Continuous Activation of C/EBPβ Transcription Factor Prevents Fibrosis Resolution After Alcohol Cessation.

BACKGROUND & AIMS: Abstinence is an important therapeutic intervention for patients with alcohol-associated liver disease (ALD). However, fibrosis improvement after cessation is not uniform and some patients do not improve. METHODS: Mice were fed high-fat diet with 20% alcohol in the drinking water for 20 weeks (ALD) followed by 4 weeks of chow diet with plain water (resolution). scATAC-seq dataset was analyzed using Signac R package. Cebpb floxed mice received AAV-TBG-Cre or AAV-control at the time of alcohol cessation. Hepatocyte-macrophage and endothelial cell-hepatocytes crosstalk was investigated using a Transwell coculture system. To test the role of angiopoietin mice were treated with recombinant angiopoietin-1, 1 week after alcohol cessation. RESULTS: We analyzed differentially accessible regions in hepatocytes from control, ALD, or 4 weeks post alcohol cessation mice and identified transcription factors activated in ALD that remained activated after alcohol withdrawal. The top hit was CCAAT enhancer binding protein beta (C/EBPβ). We found that hepatocyte-specific Cebpb knockout at the time of alcohol cessation promoted fibrosis resolution. The resolution was mediated by altered hepatocyte-macrophage crosstalk. C/EBPβ suppressed the expression of CYP3A family of enzymes in hepatocytes and downstream macrophage collagen degradation ability. Cebpb knockout in hepatocytes promoted a proresolving phenotype in liver macrophages.
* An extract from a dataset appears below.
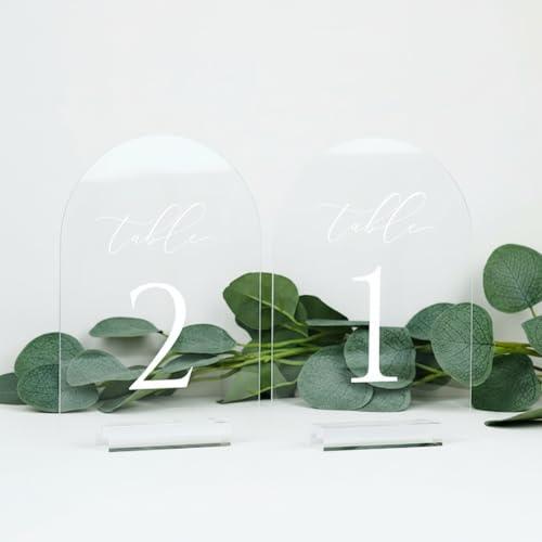 - Complete Set for Your Event: This package includes ten (10) elegant 5x7 inch clear acrylic arch table numbers, 1 through 10, each paired with its own sturdy 3-inch acrylic stand for immediate display., Versatile for Any Celebration: weddings, use these modern acrylic table numbers for anniversaries, bridal showers, baby showers, birthday parties, or formal dinners to organize and elevate your occasion., Simplify Guest Seating: These clear table numbers with stands help guests find their seats effortlessly. Their elegant also enhances the overall aesthetic of your tablescape and event decor., Crafted for Clarity & Durability: Made from premium clear acrylic, each sign is precision laser-cut with smooth edges. The numbers are printed using a crisp, eco-friendly UV process that resists fading and scratching for lasting beauty., On-Trend Modern Design: Featuring a graceful arch shape and clean, minimalist , these acrylic wedding table numbers a contemporary look that complements any wedding theme, from rustic barn to classic ballroom.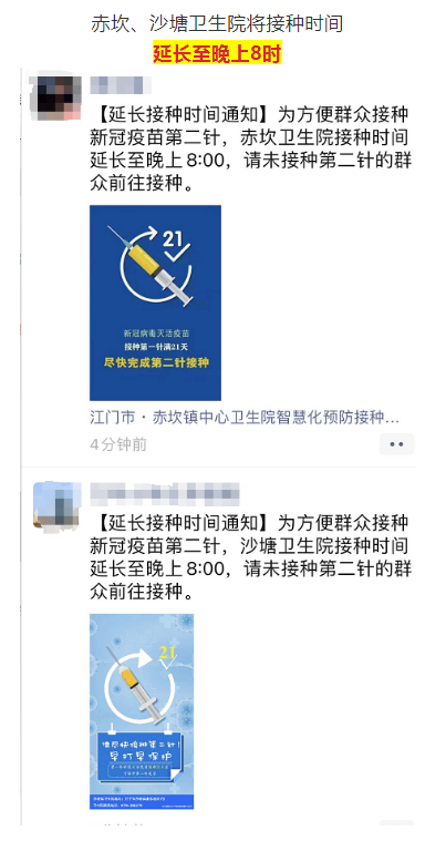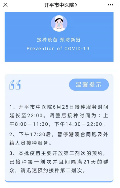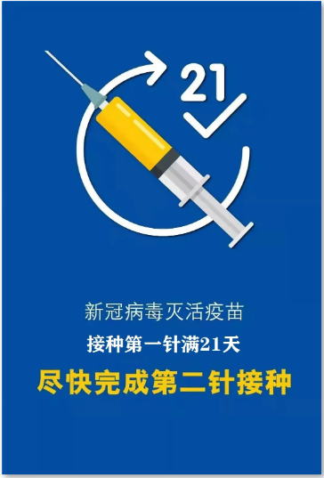 重要通知 廣大市民: 根據上級工作安排,我市將在6月底前完成本階段新冠疫苗第二劑次接種任務,清庫清零。請已接種第一針滿21天的廣大市民迅速到原接種點接種第二針。7月1日后新冠疫苗接種工作安排將會有調整。 為了確保已接種第一針滿21天的廣大市民能在6月底前完成接種第二針,實施錯峰接種,避免高峰期扎堆排隊,我市各疫苗接種點將向第一針次疫苗接種已滿21天的市民群眾發出提醒信息,收到信息的可在2天內免預約到該接種點接種。同時,也可以在每天晚上7點通過粵苗APP、粵健通微信小程序進行預約接種。 開平市衛生健康局 2021年6月24日 @廣大市民,請知悉 第一針尚未產生足夠免疫保護 要完成第二針后14天 才能在體內產生很好的中和抗體 如您已接種第一針新冠滅活疫苗 超滿21天 請迅速接種第二針以達到保護效果 開平市預防接種單位信息

We further identified upstream events leading to persistent C/EBPβ activation. C/EBPβ was induced by alcohol-mediated endothelial changes during ALD development and resolution. Restoring endothelial cell function with angiopoietin-1 supplementation reduced C/EBPβ and promoted fibrosis resolution. CONCLUSIONS: Taken together, alcohol-induced C/EBPβ activation is a key driver of poor disease resolution in ALD and a promising target for patients who fail to recover after alcohol abstinence.